Texture surfaces should have their width and height set to lengths that are powers of 2, eg. 16x16, 32x32, 64x64, 128x128, 256x256 etc. They should also never be larger than 256x256 because most video cards don't support textures larger than this. Its possible to use odd shaped textures, eg. 256x128 or 32x64, but again not all cards support these surfaces, so its best to use square textures.

You should always try to use the smallest texture sizes possible so that you don't use up all the video memory.

If you wish to create a blank texture then just pass it a blank filename ( "" ).

The final thing that this function allows you to do is to set a colorkey to the surface, its possible to use either no color-key (default), black color-key or a magneta [RGB(255,0,255)] color-key. If you don't know what a color-key is then be sure to check the DDraw tutorials.


Bilinear filtering

If you stretch a texture too much over an object then it will look really blocky and horrible, to solve this we will use bilinear filtering. Bilinear filtering just blends the colours from the four closest pixels to get the correct colour when rendering the texture. Heres the nice and simple code to enable the filtering, just 2 lines.
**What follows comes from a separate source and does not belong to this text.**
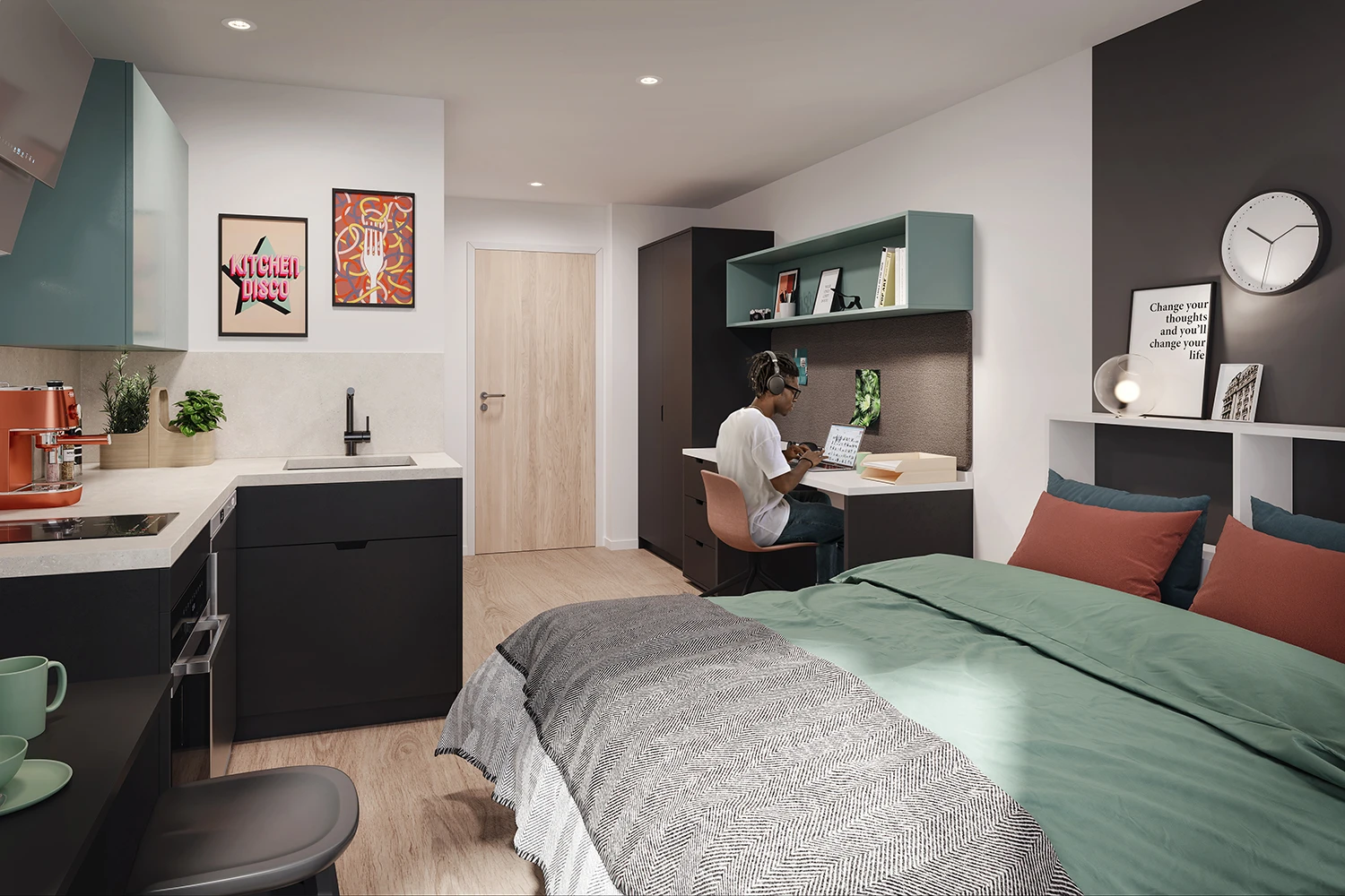 Room size: 25.4m2 --- Whats in the room? --- Bed - Chair & desk - Wardrobe - Private en-suite - Private kitchen with hob, oven fridge/freezer

    'Lets use bilinear filtering, very cool
    'MAGFILTER is if the texture is stretched

    Device.SetTextureStageState 0, D3DTSS_MAGFILTER, D3DTFG_LINEAR
    'MINFILTER is if texture is made smaller
    Device.SetTextureStageState 0, D3DTSS_MINFILTER, D3DTFN_LINEAR

Conclusions

There you go, nice and simple isn't it, but its one of those things that you have to know thats why it had its own tutorial. Texture co-ordinates are usually exported with an object, so you don't have to worry about manually setting them all.